Cambridgeshire and Northamptonshire councils forecast £5m shared ICT savings

A shared service agreement between Cambridgeshire and Northamptonshire County Councils is forecast to save nearly £5 million in annual ICT costs, a report has revealed.


A shared service agreement between Cambridgeshire and Northamptonshire County Councils is forecast to save nearly £5 million in annual ICT costs, a report has revealed.

The councils set up the LGSS in October 2010 to cover back office, professional and frontline services, including ICT, finance and HR. The aim of the shared service was to create efficiencies, as well as cut costs, across both councils, in the face of reduced central government budgets, rising costs and an ageing demographic. To generate revenue, the councils also planned to provide its shared services to other councils.

In a report by the Local Government Association (LGA), LGSS has predicted that the reprocurement of the Cambridgeshire ICT network infrastructure will lead to an annual IT saving of £2.96 million from 2012/13, the second year that the LGSS has been in operation.

This saving would be on top of the £1.78 million the councils saved during 2011/12 and 2012/13 by integrating IT provision with Oracle and Fujitsu.

Together, these savings make up half of the total £9.47 million savings that LGSS has predicted it will achieve from sharing services for 2012/13.

“Importantly there has been no bespoking of software. LGSS has insisted on a plain ‘vanilla’ approach to IT to ensure that processes are intuitive and simple. This has helped increase the savings that can be delivered,” the LGA said.

The councils have so far invested £3.32 million in creating LGSS, with the main set-up costs attributed to the upgrading, extending and integrating of a shared ERP system, version R12, from Oracle. These costs include project and related staff costs.

Other technology changes that have helped to save money and improve services include the introduction of electronic, to replace paper, forms relating to HR, finance, pensions and IT.

“The current pilot of e-forms has simplified processes and provided managers with better management information,” the LGA said.

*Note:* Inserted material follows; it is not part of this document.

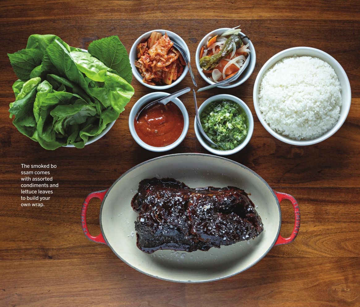 The smoked bo ssam comes with assorted condiments and lettuce leaves to build your own wrap. Majordomo is a no-skip-record of a restaurant. You could blindly point to a spot on the menu and know that whatever arrives will be something you’ll still be thinking about on the drive home. It’s the type of L.A. restaurant that has felt relevant since it opened in 2018, on a hip, industrial stretch in northern Chinatown. The clientele look like they sauntered off the pages of a Copenhagen street fashion blog into its warehouse location. Chef David Chang has figured out the Midas touch for a dining room that’s constantly buzzing. I imagine his celebrity helps, with multiple podcasts and series involving Chang and famous friends. It’s more likely his brazen approach to cooking that launched his Momofuku restaurant group with locations around the country. His smoked bo ssam is a boulder of smoked pork belly you tear at with tongs and stuff into perilla leaves painted with scallion oil, kimchi and ssamjang. The mushroom crispy rice features a crunchy bottom that rivals the best tahdig in town. Dessert is a fiery spectacle, prepared tableside with fried doughnuts, rum flambé and vanilla ice cream. — J.H. 1725 NAUD ST., LOS ANGELES, (323) 545-4880 l MAJORDOMO.LA See also

The councils have also installed a new pensions system, called Altair, which has allowed LGSS to eliminate a four-year, 1,200 case backlog that it had inherited, with the system changes expected to result in annual savings of around £400,000.

Northamptonshire has also made savings by bringing its payroll system in-house to LGSS from outsourced provider Mouchel Business Services, and the council is also currently undergoing a project to move its management systems into a SharePoint model office.

In addition, LGSS has brought the support service helpdesks for IT, HR, finance, pensions and property under one management structure, to act as a ‘one-stop shop’.

Meanwhile, greater use of video conferencing across both councils’ sites have helped cut the costs of travelling.


However, the LGA noted that the councils still have some challenges to overcome.

“Despite the upfront annual savings in IT that resulted from consolidating arrangements with external suppliers, specifically Oracle, LGSS has yet to implement a single, integrated IT strategy across the organisation,” it said.

“The IT directorate was one of the last to be integrated into LGSS and some organisation consolidation has yet to be completed. Additional savings will therefore be delivered once further integration has been achieved.

For example, although SharePoint has been introduced for the sharing of documents, not all staff have been trained to use the system yet.

Also, the councils’ two IT systems are not yet fully integrated, which means that staff have to use remote access to use one or other of the council’s systems.

“The increasing move to web-based and fully-shared applications like the [Heywood] Altair pensions systems and Oracle R12 is alleviating this issue,” the LGA said.

Nonetheless, the LGSS has made some headway in its income-generating plans. During 2012 it has entered into partnership agreements to provide finance and ICT services to Norwich City Council, and HR and payroll services to Huntingdonshire District Council.

Overall, LGSS’s forecast savings of £9.5 million by the end of March 2013, make it a “major success story”, according to the LGA. The organisation has also identified further internal savings that are projected to take annual savings to over £18 million by the end of 2015/16.

“These will result from longer-term changes to processes, culture and technology. In particular, ensuring the effective integration of the IT across the two councils is a major priority,” the LGA said.

“IT is a critical enabler of wider business transformation and any failure will slow down other initiatives and ultimately impact on the success of third-party contracts.”